EXERCISE BRIEF
Below are some records. Retype exactly the lines from the one containing "1923 年4 月,任弼時(左1)與羅亦農(nóng)(左2)、張國燾(左4)、劉仁靜(左5)等在莫斯科" through the one containing "Bralette Size Chart (US)", both included, skipping every picture.

EXTRACTED MATERIAL
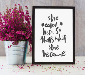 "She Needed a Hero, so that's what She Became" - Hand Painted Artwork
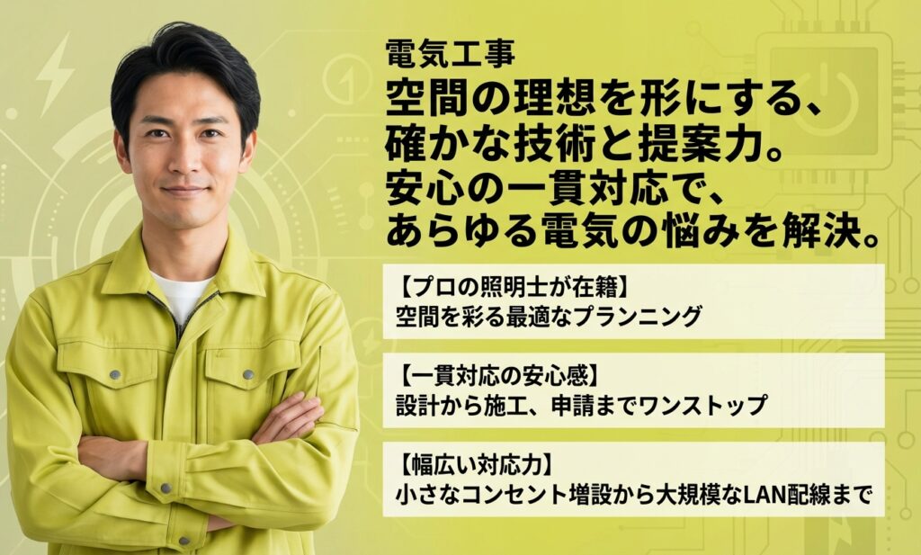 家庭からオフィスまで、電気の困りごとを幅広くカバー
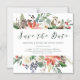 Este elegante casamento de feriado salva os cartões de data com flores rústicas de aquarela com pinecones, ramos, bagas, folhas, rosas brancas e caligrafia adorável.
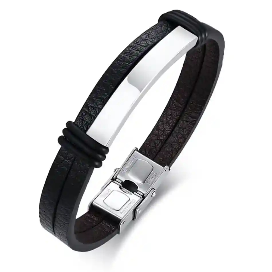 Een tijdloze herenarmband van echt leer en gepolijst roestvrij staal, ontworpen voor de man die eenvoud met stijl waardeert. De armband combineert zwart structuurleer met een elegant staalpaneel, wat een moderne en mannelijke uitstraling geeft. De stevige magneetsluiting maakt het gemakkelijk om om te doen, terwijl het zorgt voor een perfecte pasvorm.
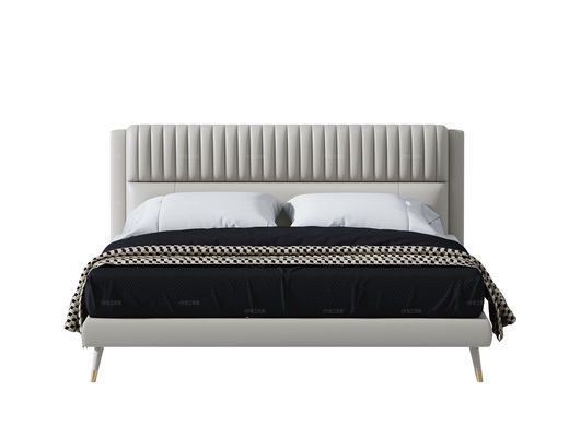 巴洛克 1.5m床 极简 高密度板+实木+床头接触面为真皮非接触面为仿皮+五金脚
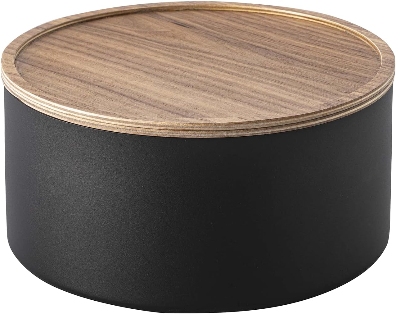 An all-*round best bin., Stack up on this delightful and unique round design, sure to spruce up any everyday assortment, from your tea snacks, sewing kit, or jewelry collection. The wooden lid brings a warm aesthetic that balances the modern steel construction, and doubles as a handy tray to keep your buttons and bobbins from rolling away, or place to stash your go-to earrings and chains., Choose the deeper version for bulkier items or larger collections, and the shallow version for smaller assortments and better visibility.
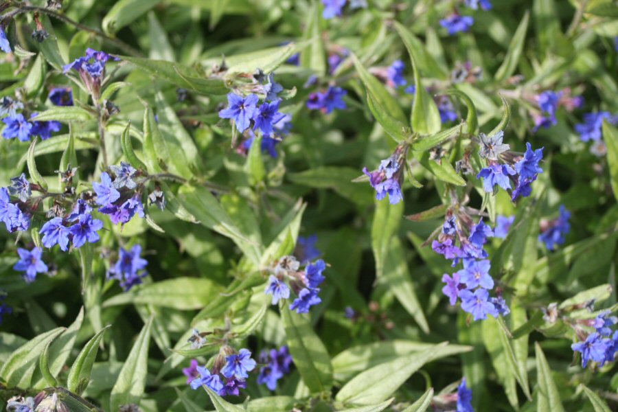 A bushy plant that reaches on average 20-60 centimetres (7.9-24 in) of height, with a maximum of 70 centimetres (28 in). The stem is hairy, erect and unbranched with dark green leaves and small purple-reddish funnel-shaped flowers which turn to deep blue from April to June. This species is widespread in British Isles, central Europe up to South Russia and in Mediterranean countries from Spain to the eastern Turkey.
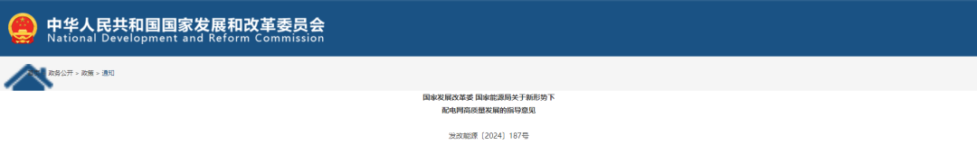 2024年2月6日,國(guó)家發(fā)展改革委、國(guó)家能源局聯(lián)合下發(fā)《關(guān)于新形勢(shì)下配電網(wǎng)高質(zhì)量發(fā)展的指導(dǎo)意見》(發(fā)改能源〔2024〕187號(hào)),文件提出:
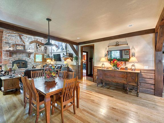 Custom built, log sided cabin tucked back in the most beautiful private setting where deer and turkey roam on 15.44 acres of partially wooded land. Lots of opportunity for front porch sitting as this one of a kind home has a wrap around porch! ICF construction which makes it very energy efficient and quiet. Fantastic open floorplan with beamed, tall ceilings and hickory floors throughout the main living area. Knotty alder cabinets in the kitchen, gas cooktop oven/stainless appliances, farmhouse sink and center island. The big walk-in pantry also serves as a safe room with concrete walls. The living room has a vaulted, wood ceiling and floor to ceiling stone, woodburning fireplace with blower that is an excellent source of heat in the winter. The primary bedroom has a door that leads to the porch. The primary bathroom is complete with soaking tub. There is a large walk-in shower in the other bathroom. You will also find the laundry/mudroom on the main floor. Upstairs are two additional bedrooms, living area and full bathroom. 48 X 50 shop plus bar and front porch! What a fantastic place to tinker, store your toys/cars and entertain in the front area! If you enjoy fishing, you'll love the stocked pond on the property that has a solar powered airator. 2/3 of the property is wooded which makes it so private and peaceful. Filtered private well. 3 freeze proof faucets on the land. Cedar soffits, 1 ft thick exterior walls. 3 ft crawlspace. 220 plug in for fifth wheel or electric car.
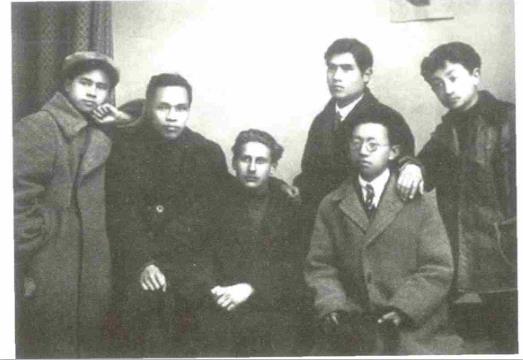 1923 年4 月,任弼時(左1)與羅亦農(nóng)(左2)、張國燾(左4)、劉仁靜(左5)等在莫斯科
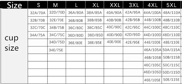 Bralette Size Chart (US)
==
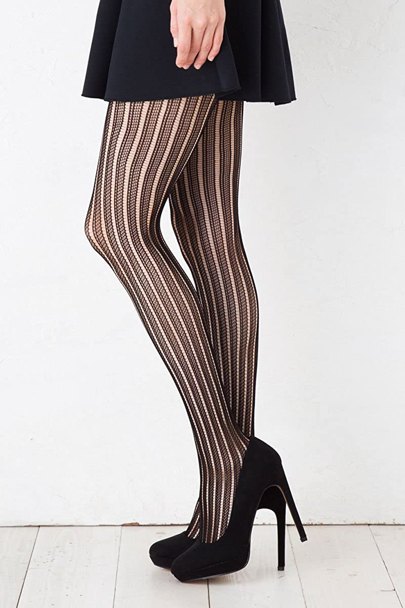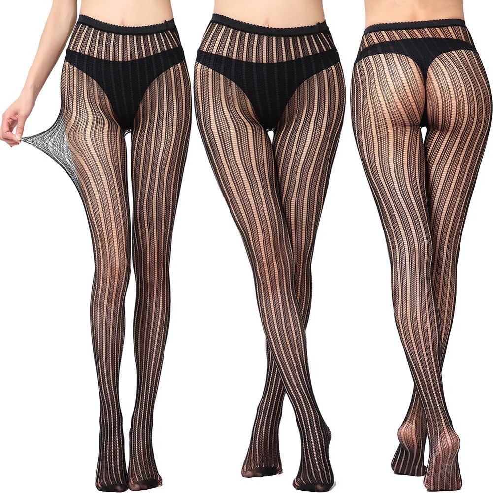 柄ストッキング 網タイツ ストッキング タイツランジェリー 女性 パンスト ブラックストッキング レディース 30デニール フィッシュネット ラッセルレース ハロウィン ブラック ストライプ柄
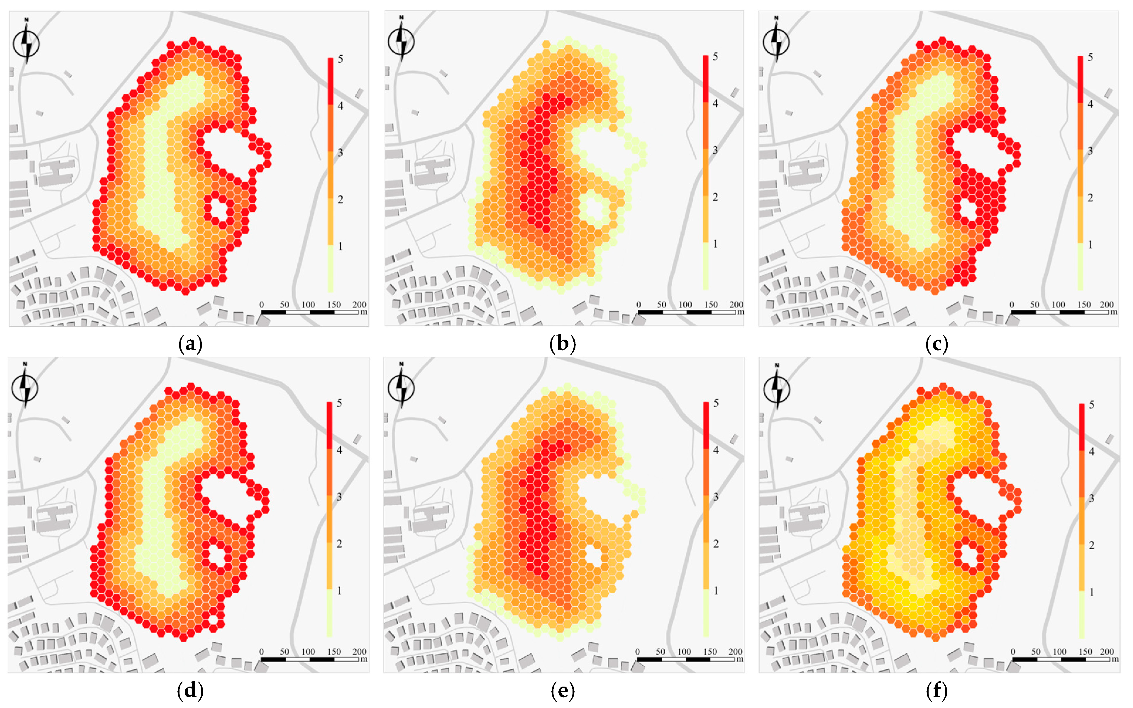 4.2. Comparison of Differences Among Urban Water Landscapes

ANSWER SPACE
 1923 年4 月,任弼時(左1)與羅亦農(nóng)(左2)、張國燾(左4)、劉仁靜(左5)等在莫斯科
 Bralette Size Chart (US)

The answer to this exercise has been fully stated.